Cefuroxime axetil is a mixture of two diastereoisomers (A and B). These diastereoisomers can be impurities as well as degradation products of parent drug. The Abbreviated New Drug Application (ANDA) has approved CA as an amorphous dispersion or an amorphous/crystalline mixture following the expiry of patent protection and the appearance of generic products. It is suggested that the crystalline content in the mixture of cefuroxime axetil may “seed” crystallization of the amorphous form and so increases the content of the crystalline form that shows poorer solubility and bioavailability [7].

Chromatographic methods are the most commonly used for the determination of CA and its diastereoisomers in aqueous solutions as well as in the solid state. The proposed conditions of chromatographic separation are based on the employment of ion pairs (e.g., phosphoric acid and its salts) and high content of organic modifier in the mobile phase [6, 811].

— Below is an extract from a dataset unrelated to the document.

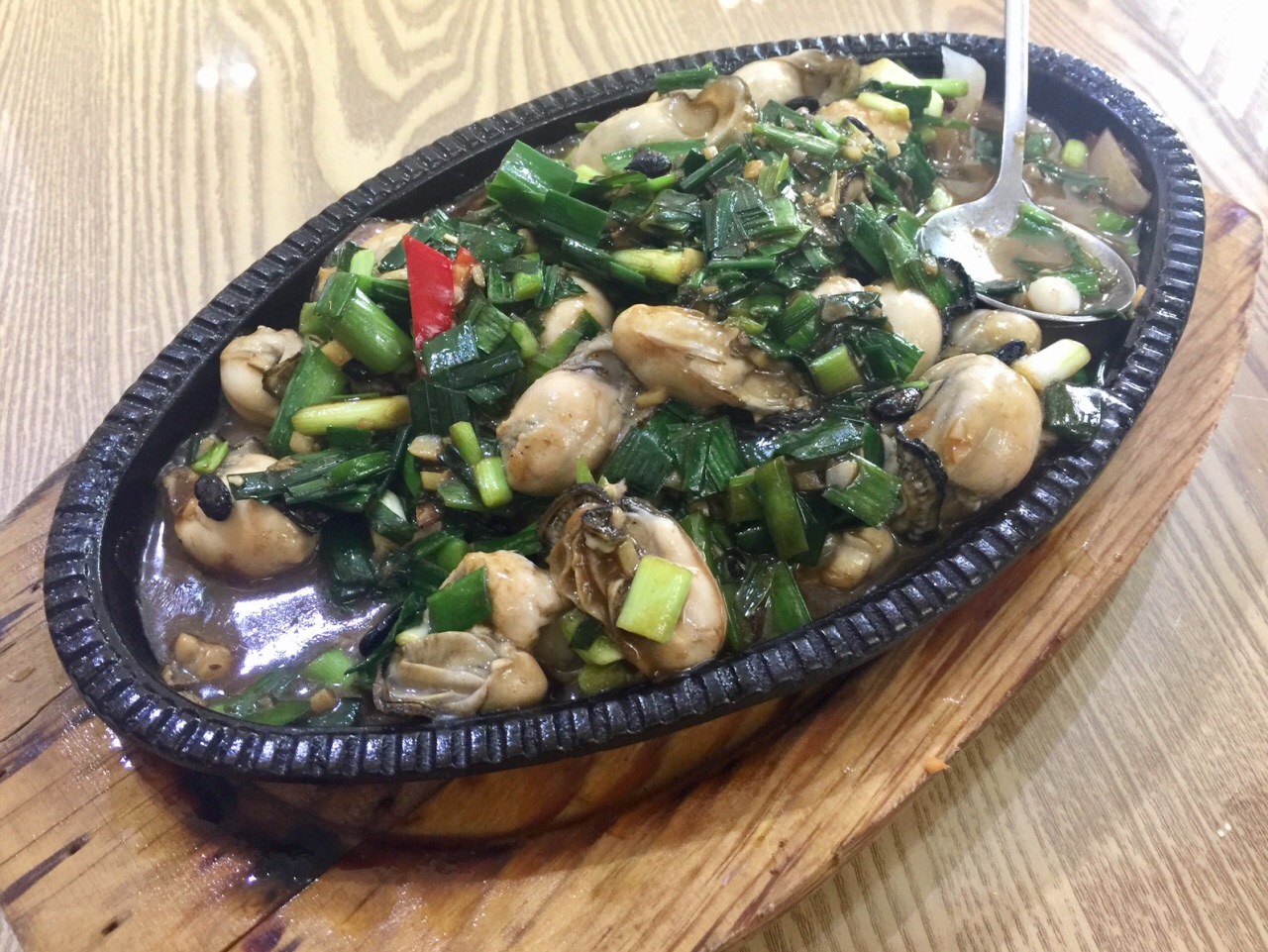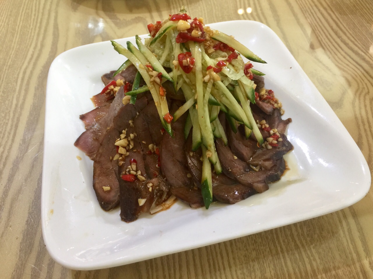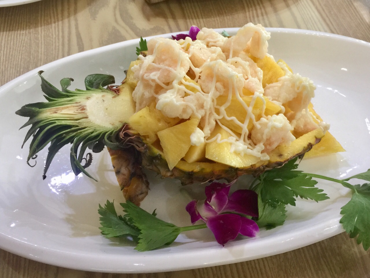 位于紫藤路近青杉路的路口处,门前可停车,但收费不便宜,张口就收¥15。 这是家台湾菜的小馆子,生意很好,进去虽然看着好像还有那么几桌空着,一问之下只有门口一张小桌是没有预约的。再来的人就没座了。 点了蛋卷色拉、牛肉、菜脯煎蛋、铁板鲜蚵、凤梨虾仁和炒饭。有送一小碟花生米。 服务态度不错,大部分菜上得挺快的,蛋卷色拉上得特别慢而且是最后上来的,而炒饭第三个就上来了,牛肉也是后上来的。如果能上菜时间差不多且顺序合理就更好了

While the structure of related products of CA has been already described, studies focusing on the development of modern, fast and precise methods of its chromatographic separation, with potential of their application in drug quality control, should be carried out. Different solubility of cefuroxime axetil polymorphs should be taken into account in the preparation of the samples for chromatographic studies. Changes of solubility of samples under applied chromatographic conditions should be also excluded.

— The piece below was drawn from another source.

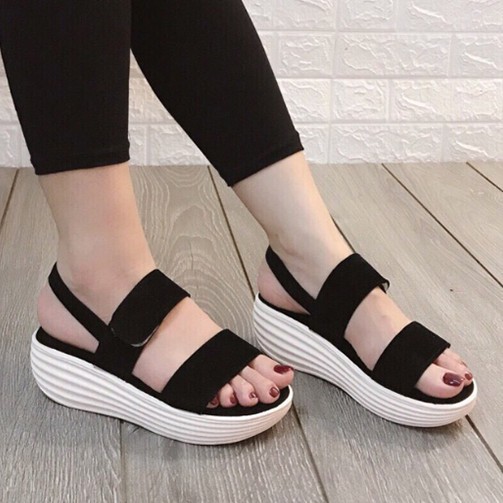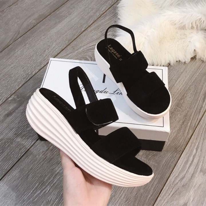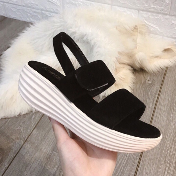 Giày sandal đế xuồng nữ 2 quai ngang đế bánh mì - LN140

The aim of our studies was to develop fast and eco-friendly UHPLC-DAD method allowing the determination of diastereoisomers of cefuroxime axetil in bulk substance as well as in pharmaceutical dosage forms. To achieve these objectives, preparation procedures of amorphous and crystalline CA were implemented.

Experimental

Materials

Cefuroxime axetil (amorphous and crystalline forms) was obtained from Institute of Biotechnology and Antibiotics in Warsaw, Poland. Zinnat® coated tablets were manufactured by GlaxoSmithKline (Brentford, Middlesex, Great Britain). Zinoxx® coated tablets were produced by Polfarmex S.A. (Kutno, Poland). Xorimax® coated tablets were originally formulated by Sandoz (Kundl, Austria). All above-mentioned pharmaceutical preparations contained 250 mg of cefuroxime axetil. Other chemicals and reagents were obtained from Merck KGaA (Darmstadt, Germany) and were of chromatographic grade. High-quality pure water was prepared using the Millipore purification system (Millipore, Molsheim, France, model Exil SA 67120).

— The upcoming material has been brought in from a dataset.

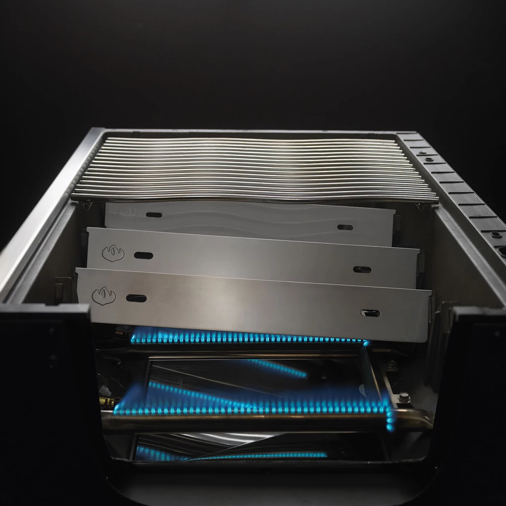La configuración escalonada crea una distribución uniforme del calor y protege los quemadores.

Chromatographic Conditions

Chromatographic studies were performed on a Thermo Scientific UHPLC-UltiMate 3000 system. Diastereoisomers of CA were separated with a Kinetex C-18 (100 mm times 2.1 mm, 1.7 µm) column as a stationary phase and a mixture of 0.1 % formic acid:methanol (88:12, v/v), at the flow rate of 0.7 mL min−1 as the mobile phase. The wavelength of the DAD detector was set at 278 nm. Separation was carried out at 40 °C. The injected volume was 5 µL. The components of mobile phase and sample solutions were filtered through 0.2 μm nylon membranes. A triple-quadrupole mass spectrometer model 6410B Triple Quad with an electrospray (ESI) interface (both from Agilent Technologies, USA) coupled with chromatograph Agilent 1200 was used for identification of degradation products of cefuroxime axetil. The ESI source of the MS detector was operated in a negative ionization mode. For nebulization, a nitrogen stream at 40 psi (275.8 kPa) was applied. A drying gas, also nitrogen, was delivered at a flow rate of 8 L min−1 at 300 °C. The electrospray needle voltage was 4,000 V. The acquisition was carried out in the scan mode, and the spectra were collected in the range of m/z 40–600. The MassHunter workstation software (Agilent Technologies, USA) was used for the instrument control, data acquisition and data analysis. The identification of degradation products of cefuroxime axetil based on application of an EIS-Q-MS mass spectrometer was possible using the mobile phase, which composed of 0.1 % formic acid and methanol (50:50, v/v).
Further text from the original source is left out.